Nothing like a little Sunday morning dissociation

I couldn’t really think of a title that appropriately summed up my Sunday.  I found it a little humorous, and honestly I have to laugh.  My life is so chaotic, yet I wouldn’t have it any other way.  As much as I am dealing with, I’m getting through it.  I’m learning more about myself, and about my illness every day.

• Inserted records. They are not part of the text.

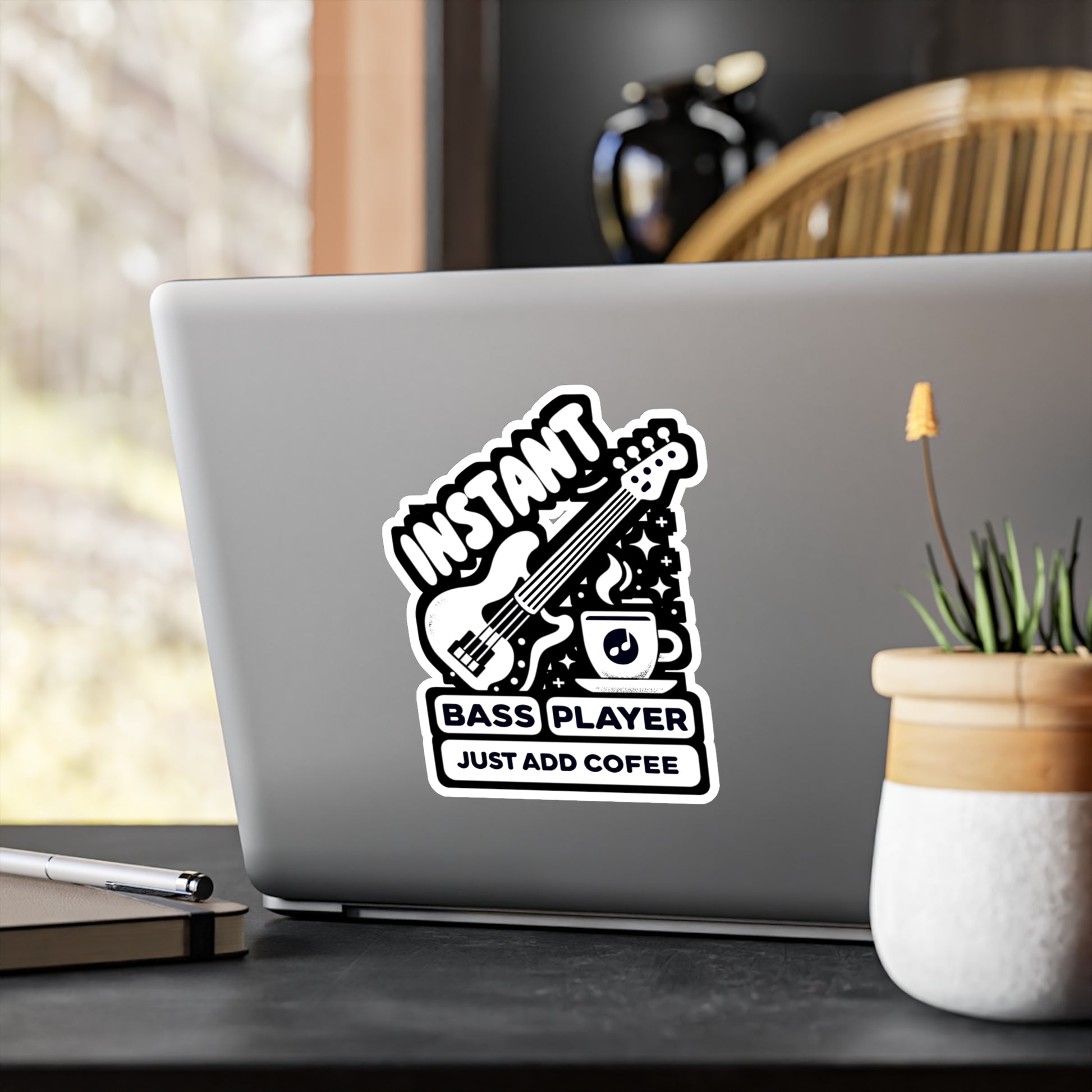 Instant Bass Player Just Add Coffee - Relax Sticker for Laptop Sticker. Water Bottle Sticker, Vinyl Bass player Decal - Relax Gift
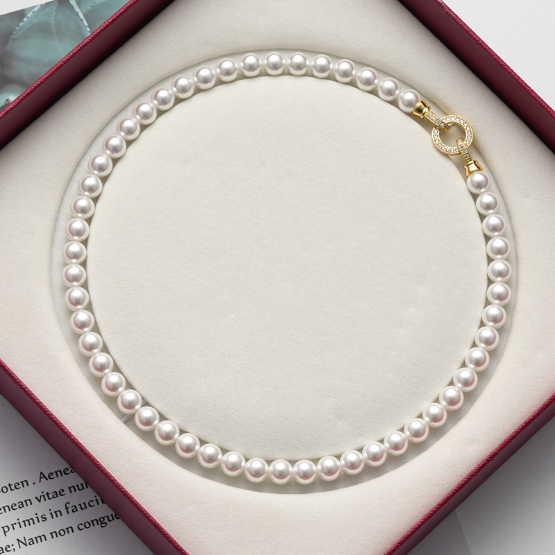 濃い灰色の貝殻は真珠の鎖の女性のジルコンの鎖をまねて白い貝の玉のネックレスの女性を掛けて彼女のお母さんの誕生日のプレゼントを送ります。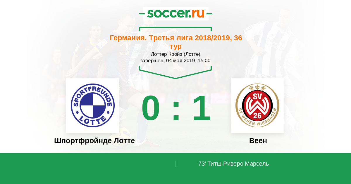 73' (0:1) Титш-Риверо Марсель (26) (Шипноски Никлас (11))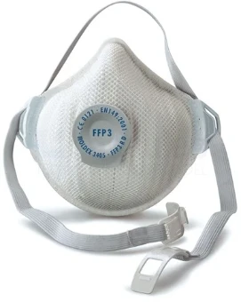 Filtermasker Moldex-3405 FFP3.Filtermasker Moldex-3405 FFP3 R D, EN149:2001. Tegen alle schadelijke fijnstoffen, rook en op water en olie gebaseerde nevels/aërosolen. De ActivForm afsluiting en DuraMesh buitenschaal zorgen voor een stevig masker en een veilige en comfortabele aansluiting op het gelaat. Het Klima uitademventiel zorgt voor een minimale uitademweerstand en voorkoming van condens vorming in het masker. Door de wasbare Kraton afdichting is het masker geschikt voor hergebruik. 100% PVC-vrij.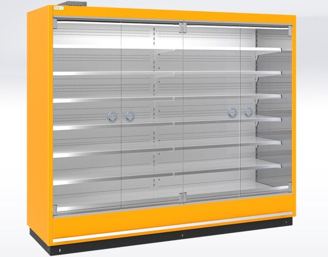 Охлаждаемый стеллаж RIMINI SG имеет дверной блок с одинарным К-стеклом. Данное решение обеспечивает эстетическую привлекательность - выглядит презентабельно и воздушно, создает максимальную обзорность выкладки и акцент на демонстрируемых продуктах. Это становится возможным ввиду отсутствия контура на дверных блоках (в сравнении с моделями RIMINI DG).  Для удобства покупателей, двери снабжены эргономичными ручками и самозакрывающемся механизмом дверей, что положительно сказывается на сохранении стабильного температурного режима внутри рабочего объема холодильного стеллажа и позволяет экономить электроэнергию.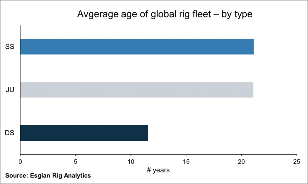 The average age of the global rig fleet varies by type, which influences contractors’ strategies in the current cycle. The average age of jackup as well as semisubmersible fleets is around 21 years, indicating a mature fleet that may require replacements or upgrades at some point in the future.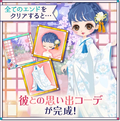 板垣退助・続編の「誓い愛エンド」をクリアすると、"永遠の愛を誓う水色の白無垢"をプレゼント!さらに「誓い愛エンド」「繋ぐ絆エンド」の両エンドをクリアすると“彼との思い出コーデ”が完成!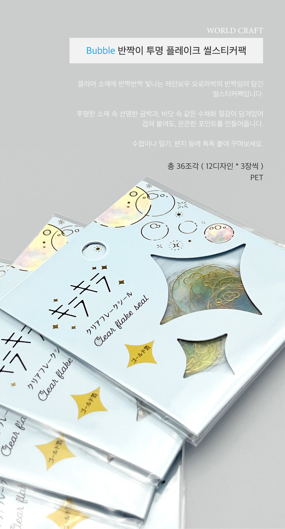 [jpg.제이피지잡화점] 월드크래프트 Bubble 반짝이 투명 플레이크 씰스티커팩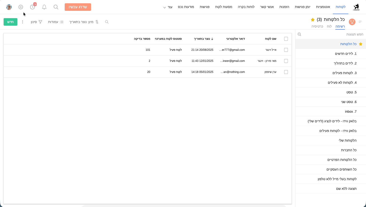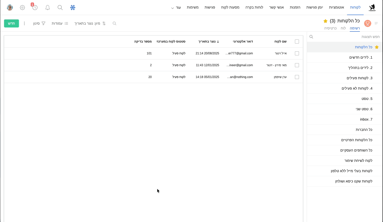 • פירוט שיחות: כל שיחה מתועדת במערכת- מי ביצע אותה, כמה זמן ארכה, סטטוס השיחה ועוד.
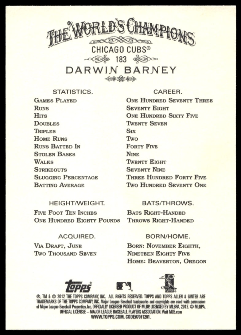 This Baseball card, from 2012 is part of the Topps Allen & Ginter card set. Darwin Barney is featured and has a card number of 183.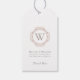 Elegant Monogram Wedding Modern Classic Modern Favor Gift Tag. Elegant gray text on white with a single initial monogram at the top, encircled by a copper blush colored embellishment frame. Customize with Bride & Groom's Name and wedding date, and Thank you. Back is shown in solid white. We invite you to visit our Zazzle store, Austen & Grace, to view the full wedding suite, matching products and more. Please contact us if you require any assistance.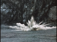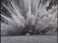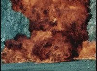 A massive explosions erupts on the beach. |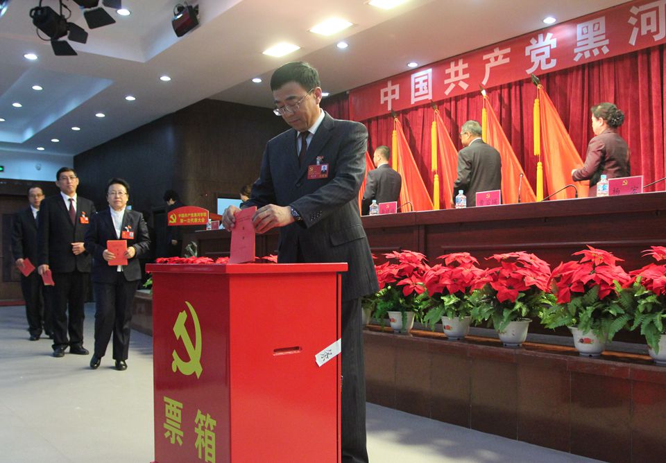 大会执行主席曹百瑛宣读了中国共产党黑河学院第一届委员会委员、纪律检查委员会委员候选人名单;全体代表选举通过了总监票人、监票人、计票人建议名单,并以无记名投票的方式选举产生新一届党委委员11人,纪委委员5人。当选的党委委员有车永宏、丛喜权、宁艳杰、许海深、李廷栋、杨宏、吴春娟、邹辉、张焕强、曹百瑛、董贵杰,纪委委员有王书武、阮放、吴晓莉、姜占民、董贵杰(按姓氏笔画为序)。

It was 3:30-3:40 in the morning on Sunday when I was startled awake by someone pounding on the door.  I didn’t know who it was.  I only knew what time it was because I immediately looked at my phone.  Then banging got louder.  I went into panic mode, thinking either my mother finally found me, or she sent the police to come get me (she regularly threatened to call the police on me – so while not logical, it’s something that is ingrained in my head).  I don’t remember what happened after that.  What I can tell you is that somehow, I ended up in my closet, where I woke up/came back to reality/whatever you want to call it holding my blanket and my arms covered in scratches.  It was almost an hour and a half later; I heard a commotion outside.  I figured out who it was; thankfully, he was not my mother or the police.  I still felt unsafe and uneasy.  I didn’t find out until later that night that my roommate was not even home when the door-banging occurred; I was completely alone.  Thankfully some part of me had the sense to hide in the closet.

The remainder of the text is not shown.